TASK DETAILS
The whole listing below must be repeated exactly.

DATA PROVIDED
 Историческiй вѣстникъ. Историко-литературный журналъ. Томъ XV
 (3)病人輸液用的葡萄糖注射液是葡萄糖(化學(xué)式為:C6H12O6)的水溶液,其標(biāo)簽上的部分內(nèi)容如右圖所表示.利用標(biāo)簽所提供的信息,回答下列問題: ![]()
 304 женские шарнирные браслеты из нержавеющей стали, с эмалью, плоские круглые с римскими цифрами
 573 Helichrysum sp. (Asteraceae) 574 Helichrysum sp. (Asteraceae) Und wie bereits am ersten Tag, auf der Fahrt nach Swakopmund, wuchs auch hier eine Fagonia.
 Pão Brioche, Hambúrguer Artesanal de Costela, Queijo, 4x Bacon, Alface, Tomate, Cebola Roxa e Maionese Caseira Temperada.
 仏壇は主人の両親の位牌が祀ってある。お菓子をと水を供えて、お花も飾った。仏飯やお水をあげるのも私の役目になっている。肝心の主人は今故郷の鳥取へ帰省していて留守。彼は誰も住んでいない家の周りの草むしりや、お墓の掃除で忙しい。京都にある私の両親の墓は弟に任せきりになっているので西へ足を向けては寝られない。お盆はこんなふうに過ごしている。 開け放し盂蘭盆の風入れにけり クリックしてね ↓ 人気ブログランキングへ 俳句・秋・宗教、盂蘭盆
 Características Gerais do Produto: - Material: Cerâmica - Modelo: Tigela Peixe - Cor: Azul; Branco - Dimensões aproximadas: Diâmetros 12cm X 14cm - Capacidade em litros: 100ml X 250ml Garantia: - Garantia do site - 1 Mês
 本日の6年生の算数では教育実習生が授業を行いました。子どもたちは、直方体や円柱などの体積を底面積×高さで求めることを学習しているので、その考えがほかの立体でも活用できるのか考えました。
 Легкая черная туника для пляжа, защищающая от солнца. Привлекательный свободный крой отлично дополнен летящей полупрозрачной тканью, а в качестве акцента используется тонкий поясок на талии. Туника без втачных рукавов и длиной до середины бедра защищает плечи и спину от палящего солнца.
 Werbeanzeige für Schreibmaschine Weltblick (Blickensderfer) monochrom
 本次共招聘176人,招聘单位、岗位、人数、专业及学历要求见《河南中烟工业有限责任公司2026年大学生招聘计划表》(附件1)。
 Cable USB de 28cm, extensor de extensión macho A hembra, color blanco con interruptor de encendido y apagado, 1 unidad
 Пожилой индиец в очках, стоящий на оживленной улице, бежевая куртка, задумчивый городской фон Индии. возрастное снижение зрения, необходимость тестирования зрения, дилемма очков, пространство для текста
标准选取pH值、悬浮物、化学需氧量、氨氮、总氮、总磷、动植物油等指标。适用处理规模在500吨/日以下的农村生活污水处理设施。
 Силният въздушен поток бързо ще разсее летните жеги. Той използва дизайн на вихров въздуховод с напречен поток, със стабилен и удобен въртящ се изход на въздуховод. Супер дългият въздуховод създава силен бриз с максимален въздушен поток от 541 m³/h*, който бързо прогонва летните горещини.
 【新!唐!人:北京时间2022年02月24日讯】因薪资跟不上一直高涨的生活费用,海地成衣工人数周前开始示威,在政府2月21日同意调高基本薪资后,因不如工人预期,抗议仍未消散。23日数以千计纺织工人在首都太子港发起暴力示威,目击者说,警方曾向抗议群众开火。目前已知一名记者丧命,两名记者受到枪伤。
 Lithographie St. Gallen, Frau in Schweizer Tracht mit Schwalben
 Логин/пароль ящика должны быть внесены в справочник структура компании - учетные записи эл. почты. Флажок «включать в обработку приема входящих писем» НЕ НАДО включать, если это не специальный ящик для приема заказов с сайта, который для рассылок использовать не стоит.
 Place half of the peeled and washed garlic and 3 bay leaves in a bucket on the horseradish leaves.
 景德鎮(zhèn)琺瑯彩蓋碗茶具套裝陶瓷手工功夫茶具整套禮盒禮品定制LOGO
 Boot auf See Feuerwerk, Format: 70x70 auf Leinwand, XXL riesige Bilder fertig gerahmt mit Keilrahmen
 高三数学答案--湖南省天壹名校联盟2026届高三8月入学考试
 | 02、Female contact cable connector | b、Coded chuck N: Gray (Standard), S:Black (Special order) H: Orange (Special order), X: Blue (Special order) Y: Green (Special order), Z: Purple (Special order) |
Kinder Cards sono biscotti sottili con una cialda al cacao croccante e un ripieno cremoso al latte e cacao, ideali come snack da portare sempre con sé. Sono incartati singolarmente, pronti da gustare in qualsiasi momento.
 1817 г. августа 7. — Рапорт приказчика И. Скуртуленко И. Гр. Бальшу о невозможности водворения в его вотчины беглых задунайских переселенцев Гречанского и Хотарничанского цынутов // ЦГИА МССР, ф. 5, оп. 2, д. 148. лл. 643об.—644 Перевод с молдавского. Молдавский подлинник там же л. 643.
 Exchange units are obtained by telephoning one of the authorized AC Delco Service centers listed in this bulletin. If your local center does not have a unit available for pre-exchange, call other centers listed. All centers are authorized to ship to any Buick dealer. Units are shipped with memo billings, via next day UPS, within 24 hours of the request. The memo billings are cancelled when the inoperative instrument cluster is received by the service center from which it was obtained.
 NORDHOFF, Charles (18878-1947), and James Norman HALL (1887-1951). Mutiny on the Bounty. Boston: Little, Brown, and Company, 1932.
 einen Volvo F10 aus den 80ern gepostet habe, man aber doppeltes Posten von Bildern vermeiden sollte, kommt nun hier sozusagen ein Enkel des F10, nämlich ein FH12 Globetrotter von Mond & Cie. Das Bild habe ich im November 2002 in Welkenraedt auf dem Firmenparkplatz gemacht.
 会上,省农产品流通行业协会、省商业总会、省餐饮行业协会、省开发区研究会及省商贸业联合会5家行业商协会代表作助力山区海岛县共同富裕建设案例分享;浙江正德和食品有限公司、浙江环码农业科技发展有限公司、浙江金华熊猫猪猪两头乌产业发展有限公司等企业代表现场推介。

SOLVED EXERCISE
 Историческiй вѣстникъ. Историко-литературный журналъ. Томъ XV
 (3)病人輸液用的葡萄糖注射液是葡萄糖(化學(xué)式為:C6H12O6)的水溶液,其標(biāo)簽上的部分內(nèi)容如右圖所表示.利用標(biāo)簽所提供的信息,回答下列問題: ![]()
 304 женские шарнирные браслеты из нержавеющей стали, с эмалью, плоские круглые с римскими цифрами
 573 Helichrysum sp. (Asteraceae) 574 Helichrysum sp. (Asteraceae) Und wie bereits am ersten Tag, auf der Fahrt nach Swakopmund, wuchs auch hier eine Fagonia.
 Pão Brioche, Hambúrguer Artesanal de Costela, Queijo, 4x Bacon, Alface, Tomate, Cebola Roxa e Maionese Caseira Temperada.
 仏壇は主人の両親の位牌が祀ってある。お菓子をと水を供えて、お花も飾った。仏飯やお水をあげるのも私の役目になっている。肝心の主人は今故郷の鳥取へ帰省していて留守。彼は誰も住んでいない家の周りの草むしりや、お墓の掃除で忙しい。京都にある私の両親の墓は弟に任せきりになっているので西へ足を向けては寝られない。お盆はこんなふうに過ごしている。 開け放し盂蘭盆の風入れにけり クリックしてね ↓ 人気ブログランキングへ 俳句・秋・宗教、盂蘭盆
 Características Gerais do Produto: - Material: Cerâmica - Modelo: Tigela Peixe - Cor: Azul; Branco - Dimensões aproximadas: Diâmetros 12cm X 14cm - Capacidade em litros: 100ml X 250ml Garantia: - Garantia do site - 1 Mês
 本日の6年生の算数では教育実習生が授業を行いました。子どもたちは、直方体や円柱などの体積を底面積×高さで求めることを学習しているので、その考えがほかの立体でも活用できるのか考えました。
 Легкая черная туника для пляжа, защищающая от солнца. Привлекательный свободный крой отлично дополнен летящей полупрозрачной тканью, а в качестве акцента используется тонкий поясок на талии. Туника без втачных рукавов и длиной до середины бедра защищает плечи и спину от палящего солнца.
 Werbeanzeige für Schreibmaschine Weltblick (Blickensderfer) monochrom
 本次共招聘176人,招聘单位、岗位、人数、专业及学历要求见《河南中烟工业有限责任公司2026年大学生招聘计划表》(附件1)。
 Cable USB de 28cm, extensor de extensión macho A hembra, color blanco con interruptor de encendido y apagado, 1 unidad
 Пожилой индиец в очках, стоящий на оживленной улице, бежевая куртка, задумчивый городской фон Индии. возрастное снижение зрения, необходимость тестирования зрения, дилемма очков, пространство для текста
标准选取pH值、悬浮物、化学需氧量、氨氮、总氮、总磷、动植物油等指标。适用处理规模在500吨/日以下的农村生活污水处理设施。
 Силният въздушен поток бързо ще разсее летните жеги. Той използва дизайн на вихров въздуховод с напречен поток, със стабилен и удобен въртящ се изход на въздуховод. Супер дългият въздуховод създава силен бриз с максимален въздушен поток от 541 m³/h*, който бързо прогонва летните горещини.
 【新!唐!人:北京时间2022年02月24日讯】因薪资跟不上一直高涨的生活费用,海地成衣工人数周前开始示威,在政府2月21日同意调高基本薪资后,因不如工人预期,抗议仍未消散。23日数以千计纺织工人在首都太子港发起暴力示威,目击者说,警方曾向抗议群众开火。目前已知一名记者丧命,两名记者受到枪伤。
 Lithographie St. Gallen, Frau in Schweizer Tracht mit Schwalben
 Логин/пароль ящика должны быть внесены в справочник структура компании - учетные записи эл. почты. Флажок «включать в обработку приема входящих писем» НЕ НАДО включать, если это не специальный ящик для приема заказов с сайта, который для рассылок использовать не стоит.
 Place half of the peeled and washed garlic and 3 bay leaves in a bucket on the horseradish leaves.
 景德鎮(zhèn)琺瑯彩蓋碗茶具套裝陶瓷手工功夫茶具整套禮盒禮品定制LOGO
 Boot auf See Feuerwerk, Format: 70x70 auf Leinwand, XXL riesige Bilder fertig gerahmt mit Keilrahmen
 高三数学答案--湖南省天壹名校联盟2026届高三8月入学考试
 | 02、Female contact cable connector | b、Coded chuck N: Gray (Standard), S:Black (Special order) H: Orange (Special order), X: Blue (Special order) Y: Green (Special order), Z: Purple (Special order) |
Kinder Cards sono biscotti sottili con una cialda al cacao croccante e un ripieno cremoso al latte e cacao, ideali come snack da portare sempre con sé. Sono incartati singolarmente, pronti da gustare in qualsiasi momento.
 1817 г. августа 7. — Рапорт приказчика И. Скуртуленко И. Гр. Бальшу о невозможности водворения в его вотчины беглых задунайских переселенцев Гречанского и Хотарничанского цынутов // ЦГИА МССР, ф. 5, оп. 2, д. 148. лл. 643об.—644 Перевод с молдавского. Молдавский подлинник там же л. 643.
 Exchange units are obtained by telephoning one of the authorized AC Delco Service centers listed in this bulletin. If your local center does not have a unit available for pre-exchange, call other centers listed. All centers are authorized to ship to any Buick dealer. Units are shipped with memo billings, via next day UPS, within 24 hours of the request. The memo billings are cancelled when the inoperative instrument cluster is received by the service center from which it was obtained.
 NORDHOFF, Charles (18878-1947), and James Norman HALL (1887-1951). Mutiny on the Bounty. Boston: Little, Brown, and Company, 1932.
 einen Volvo F10 aus den 80ern gepostet habe, man aber doppeltes Posten von Bildern vermeiden sollte, kommt nun hier sozusagen ein Enkel des F10, nämlich ein FH12 Globetrotter von Mond & Cie. Das Bild habe ich im November 2002 in Welkenraedt auf dem Firmenparkplatz gemacht.
 会上,省农产品流通行业协会、省商业总会、省餐饮行业协会、省开发区研究会及省商贸业联合会5家行业商协会代表作助力山区海岛县共同富裕建设案例分享;浙江正德和食品有限公司、浙江环码农业科技发展有限公司、浙江金华熊猫猪猪两头乌产业发展有限公司等企业代表现场推介。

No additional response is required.